Extraño pulso de larga duración de radiación de alta energía barrió la Tierra

Las misiones Swift y Fermi de la NASA detectan una explosión cósmica excepcional

Un pulso inusualmente brillante y de larga duración de radiación de alta energía recorrió la Tierra el domingo 9 de octubre, cautivando a los astrónomos de todo el mundo. La intensa emisión provino de un estallido de rayos gamma (GRB), la clase de explosión más poderosa del universo, que se encuentra entre los eventos más brillantes conocidos.

Hace una semana, domingo por la mañana, hora del este, una ola de rayos X y rayos gamma atravesó el sistema solar. Activó los detectores a bordo.[{» attribute=»»>NASA’s Fermi Gamma-ray Space Telescope, Neil Gehrels Swift Observatory, and Wind spacecraft, as well as others. Around the world, telescopes were turned to the site to study the aftermath, and new observations continue.

Swift’s X-Ray Telescope captured the afterglow of GRB 221009A about an hour after it was first detected. The bright rings form as a result of X-rays scattered from otherwise unobservable dust layers within our galaxy that lie in the direction of the burst. Credit: Credit: NASA/Swift/A. Beardmore (University of Leicester)

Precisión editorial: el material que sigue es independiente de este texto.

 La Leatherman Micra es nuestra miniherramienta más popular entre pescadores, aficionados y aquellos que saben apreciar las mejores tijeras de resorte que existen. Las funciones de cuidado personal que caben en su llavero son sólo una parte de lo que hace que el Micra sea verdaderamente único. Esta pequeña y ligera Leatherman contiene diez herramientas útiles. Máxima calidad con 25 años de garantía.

Called GRB 221009A, the explosion provided an unexpectedly exciting start to the 10th Fermi Symposium, a gathering of gamma-ray astronomers now underway in Johannesburg, South Africa. “It’s safe to say this meeting really kicked off with a bang – everyone’s talking about this,” said Judy Racusin, a Fermi deputy project scientist at NASA’s Goddard Space Flight Center in Greenbelt, Maryland, who is attending the conference.

Los astrónomos creen que GRB 221009A representa el nacimiento de uno nuevo[{» attribute=»»>black hole formed within the heart of a collapsing star. As illustrated here, the black hole drives powerful jets of particles traveling near the speed of light. The jets pierce through the star, emitting X-rays and gamma rays as they stream into space. Credit: NASA/Swift/Cruz deWilde

Originating from the direction of the constellation Sagitta, the signal traveled an estimated 1.9 billion years to reach Earth. Many astronomers believe it represents the birth cry of a new black hole, one that formed in the heart of a massive star collapsing under its own weight. In these circumstances, a developing black hole drives powerful jets of particles traveling near the speed of light. The energetic jets pierce through the star, emitting X-rays and gamma rays as they stream into space.

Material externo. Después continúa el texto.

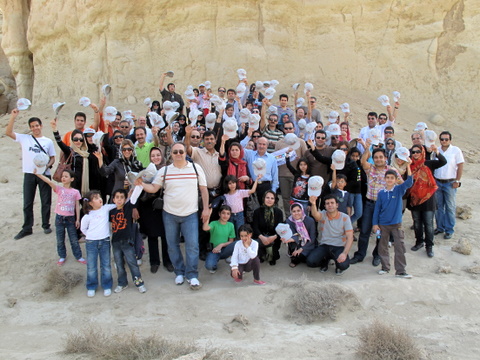 این هم عکس گروه با کلاههای شرکت مارکوپولو در درهی ستارههای قشم

This sequence constructed from Fermi Large Area Telescope data reveals the sky in gamma rays centered on the location of GRB 221009A. Each frame shows gamma rays with energies greater than 100 million electron volts (MeV), where brighter colors indicate a stronger gamma-ray signal. In total, they represent more than 10 hours of observations. The glow from the midplane of our Milky Way galaxy appears as a wide diagonal band. The image is about 20 degrees across. Credit: NASA/DOE/Fermi LAT Collaboration

The burst also provided a long-awaited inaugural observing opportunity for a link between two experiments on the International Space Station (ISS) – NASA’s NICER X-ray telescope and a Japanese detector called the Monitor of All-sky X-ray Image (MAXI). Activated in April, the connection is dubbed the Orbiting High-energy Monitor Alert Network (OHMAN). It allows NICER to rapidly turn to outbursts detected by MAXI, actions that previously required intervention by scientists on the ground.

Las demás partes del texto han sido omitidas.